Sunday, May 15, 2016

Brooklyn

Brooklyn directed by John Crowley, starring Saoirse Ronan, Hugh Gromley, Brid Brennan, Maeve McGrath, Emma Lowe, Barbara Drennan, Gillian McCarthy, Emory Cohen, and Domhnall Gleeson.

This is a good old fashioned movie with little story line but high on characterization.  They don't make a lot movies like this anymore.  Movies now-a-days are more concerned with over the top action scenes, out of control computer effects, and budgets that could fund most small nations for decades.  It was amazing to find a movie that was concerned with none of this but was only concerned with the story about a woman growing up in America - specifically in Brooklyn (of the title and that specificity is crucial to the story) - away from her home county of Ireland. 

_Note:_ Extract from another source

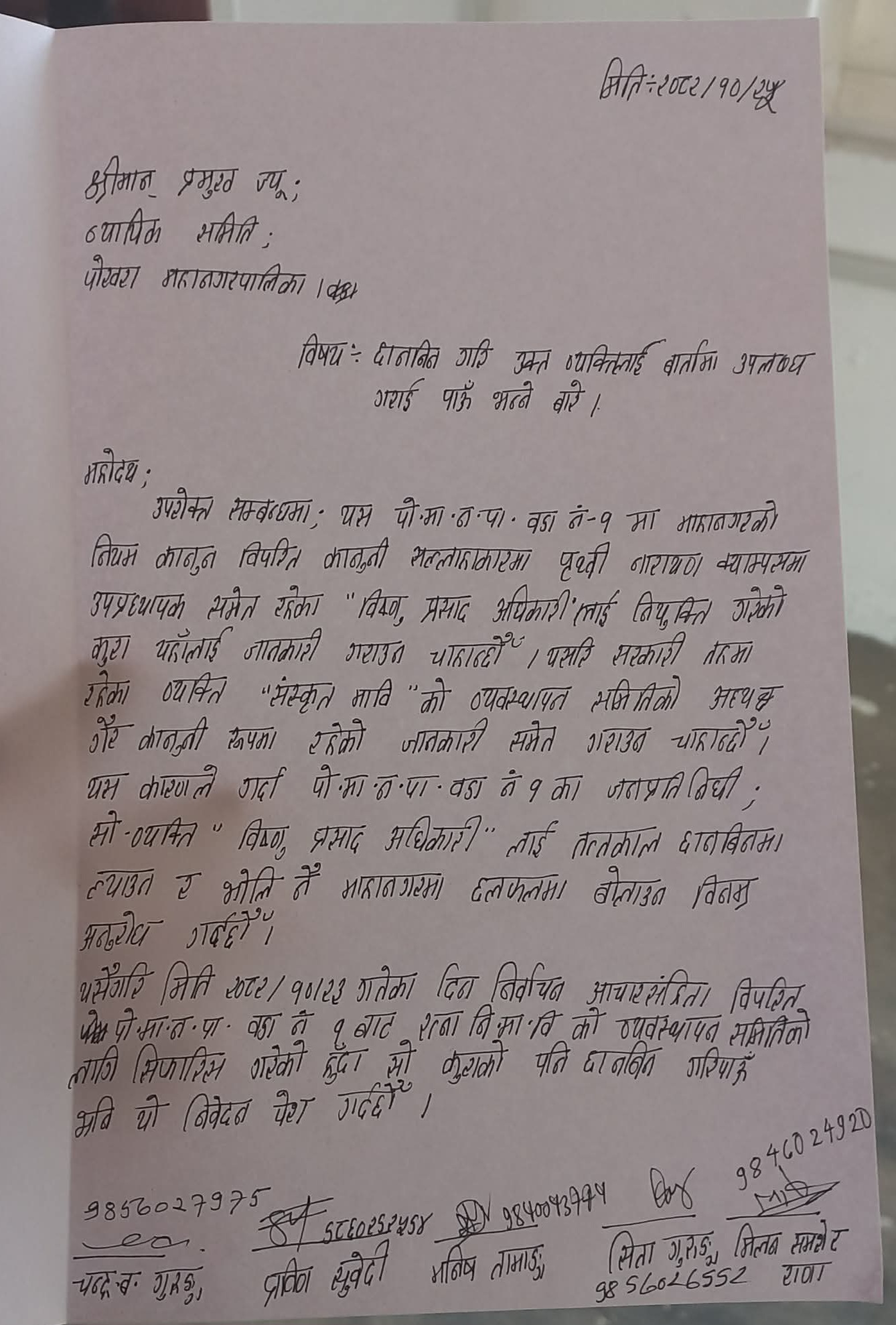 पोखरा महानगरपालिका वडा न १ अन्तरगतको वडा शिक्षा समितिले रत्न आधारभुत बिध्यालयको बिध्यालय ब्यबस्थापन समितीको अध्यक्ष बनाउने योजना सहित माघ २३ गते २ जना सदस्य काजिमान लामा र महेस्वर दवाडिलाइ मनोनीत गर्ने निर्णय रद्द गरिएको जानकारी प्राप्त भएको छ । २६ गते वडाका सचिब पोस्ट नारायण ढकालले निर्णय माइन्युटको पुच्छरमा “आचारसंहिताको समयमा यो निर्णय भएको हुदा रद्द गरिएको छ” भन्ने उल्लेख गरेर निर्णयको कपि सराङ्कोटलाइ उपलब्ध गराएकाछन । महानगरका ७ औ तहका कर्मचारीले माघ ५ गते देखि लागेको आचारसंहिता थाहा नपाउनुलाइ बिडम्बना मान्ने कि सेटिङमा सलग्नता? जनप्रतिनिधिले गर्ने मनोमानी कार्यलाइ रोक्ने कर्मचारी आफै सलग्न भएपछी अराजकताले सस्थागत मान्यता पाउनुलाइ ठूलो कुरा मान्न सकिन्न । निर्वाचनको आचारसंहिता कार्यान्वयनमा लाग्न सबैको ऐक्यबद्धता आवश्यक रहेको छ ।

There is absolutely nothing complicated about this story as it ushers in all sorts of storytelling techniques from the Golden Age of movies.  I just don't hardly see many movies this brave and daring to rest the entire story on the shoulders of one single character.  But I've got to admit I got caught up in her story.  I felt for her as she left her country to come to America.  I felt for her leaving everything behind - mother and sister.  Her lack of friends.  Her starting completely over from nothing and then moving her way up slowly but surely.  I couldn't help but root for her to succeed.  The movie's greatest addition is when she finds a boyfriend from Brooklyn.  His character not only brought a jolt of life to the movie but also sparked some fire in the main character and not in the sort of way that said a woman needed a man to complete her life but in a way a true friend brightens the life of a person.  Watching their relationship grow was a thing of beauty.  Then the true test of her growth was shown when she went back to Ireland and the choices and decisions she  made there really showed how she had grown.

Truly a gem of movie that needs to be seen and talked about more.